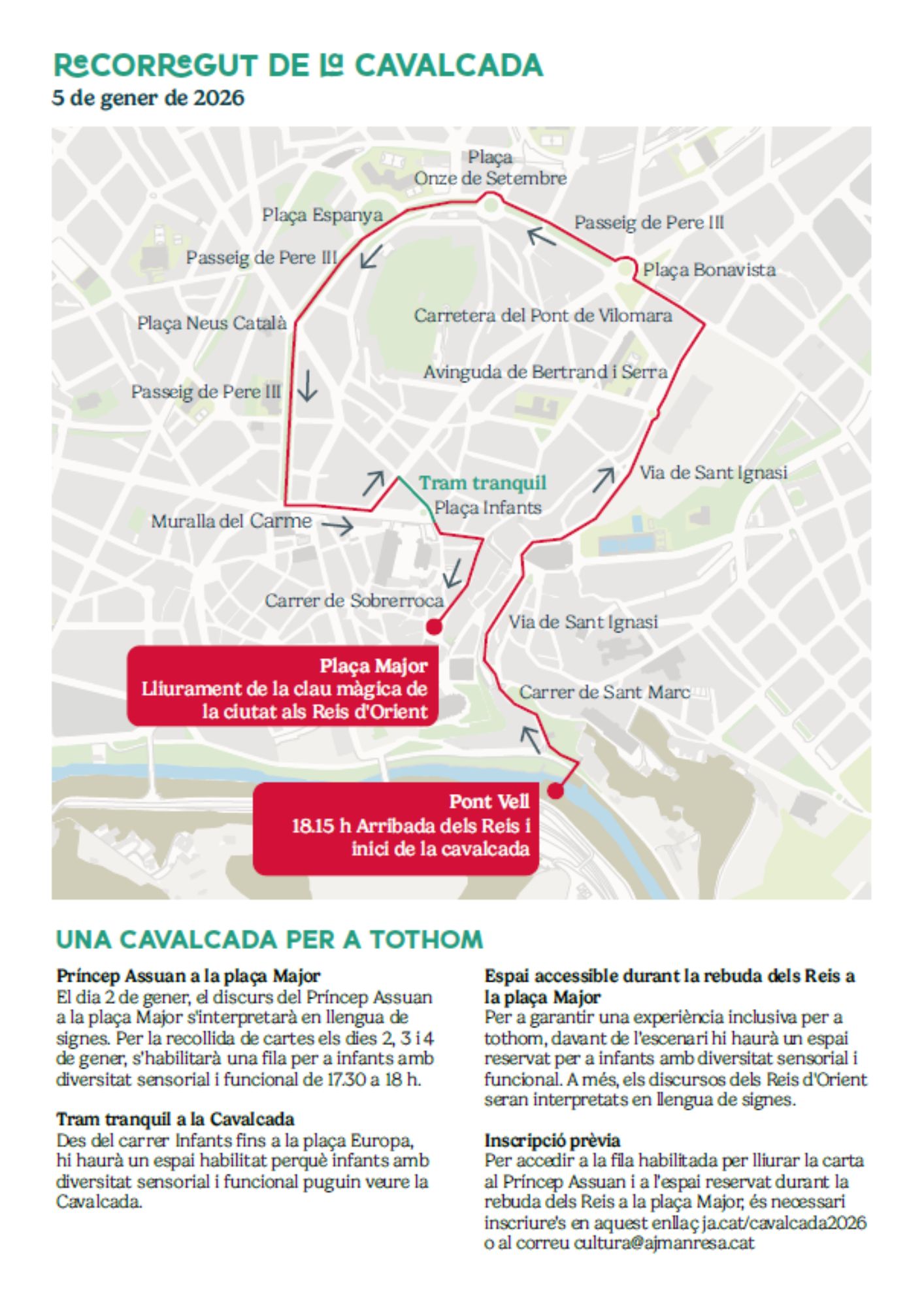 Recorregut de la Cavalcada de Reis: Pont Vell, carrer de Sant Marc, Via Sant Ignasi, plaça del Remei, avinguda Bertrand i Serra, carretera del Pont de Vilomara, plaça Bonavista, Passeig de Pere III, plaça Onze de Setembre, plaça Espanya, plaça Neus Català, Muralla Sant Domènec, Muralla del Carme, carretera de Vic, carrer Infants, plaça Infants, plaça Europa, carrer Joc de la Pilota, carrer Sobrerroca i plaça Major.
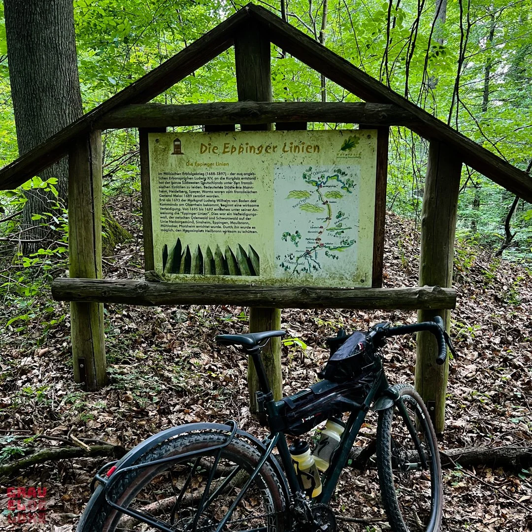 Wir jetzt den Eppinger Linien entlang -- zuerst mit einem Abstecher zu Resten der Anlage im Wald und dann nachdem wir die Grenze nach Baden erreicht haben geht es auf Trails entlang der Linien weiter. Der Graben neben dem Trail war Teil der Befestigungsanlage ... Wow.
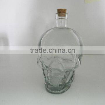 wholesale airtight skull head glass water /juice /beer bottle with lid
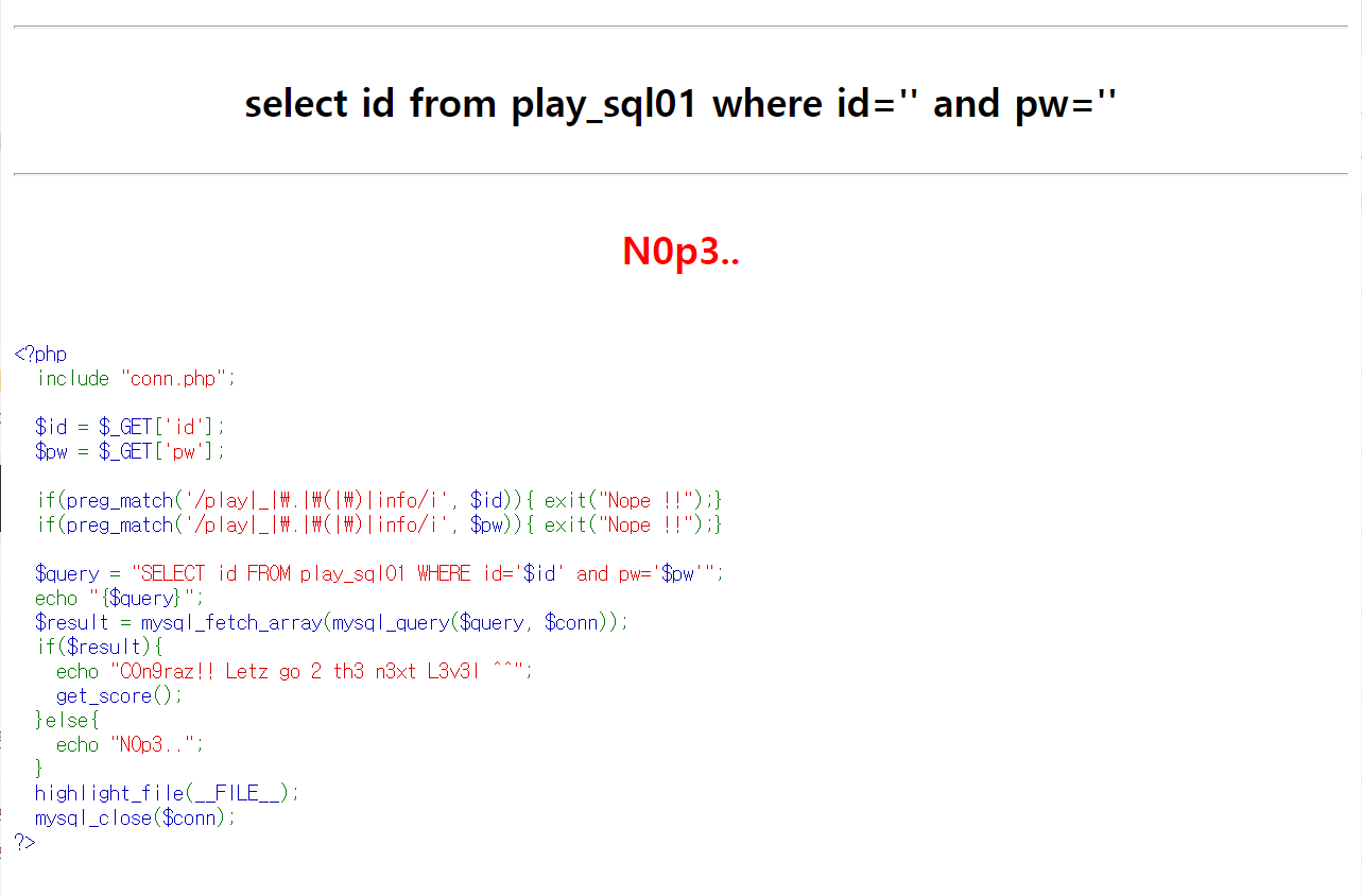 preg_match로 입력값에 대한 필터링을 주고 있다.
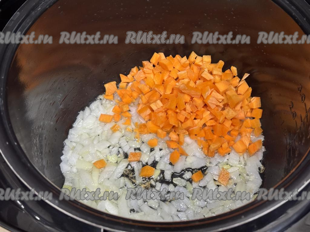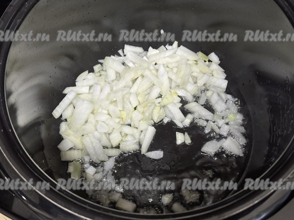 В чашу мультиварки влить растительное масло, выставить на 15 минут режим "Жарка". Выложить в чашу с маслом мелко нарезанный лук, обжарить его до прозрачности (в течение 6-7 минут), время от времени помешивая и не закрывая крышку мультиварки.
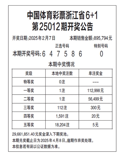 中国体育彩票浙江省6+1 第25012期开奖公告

_YOUR INSTRUCTIONS_. Give an exact copy of the listing, without its pictures.

_SOLUTION FOR THIS TASK_.
 Recorregut de la Cavalcada de Reis: Pont Vell, carrer de Sant Marc, Via Sant Ignasi, plaça del Remei, avinguda Bertrand i Serra, carretera del Pont de Vilomara, plaça Bonavista, Passeig de Pere III, plaça Onze de Setembre, plaça Espanya, plaça Neus Català, Muralla Sant Domènec, Muralla del Carme, carretera de Vic, carrer Infants, plaça Infants, plaça Europa, carrer Joc de la Pilota, carrer Sobrerroca i plaça Major.
 Wir jetzt den Eppinger Linien entlang -- zuerst mit einem Abstecher zu Resten der Anlage im Wald und dann nachdem wir die Grenze nach Baden erreicht haben geht es auf Trails entlang der Linien weiter. Der Graben neben dem Trail war Teil der Befestigungsanlage ... Wow.
 wholesale airtight skull head glass water /juice /beer bottle with lid
 preg_match로 입력값에 대한 필터링을 주고 있다.
 В чашу мультиварки влить растительное масло, выставить на 15 минут режим "Жарка". Выложить в чашу с маслом мелко нарезанный лук, обжарить его до прозрачности (в течение 6-7 минут), время от времени помешивая и не закрывая крышку мультиварки.
 中国体育彩票浙江省6+1 第25012期开奖公告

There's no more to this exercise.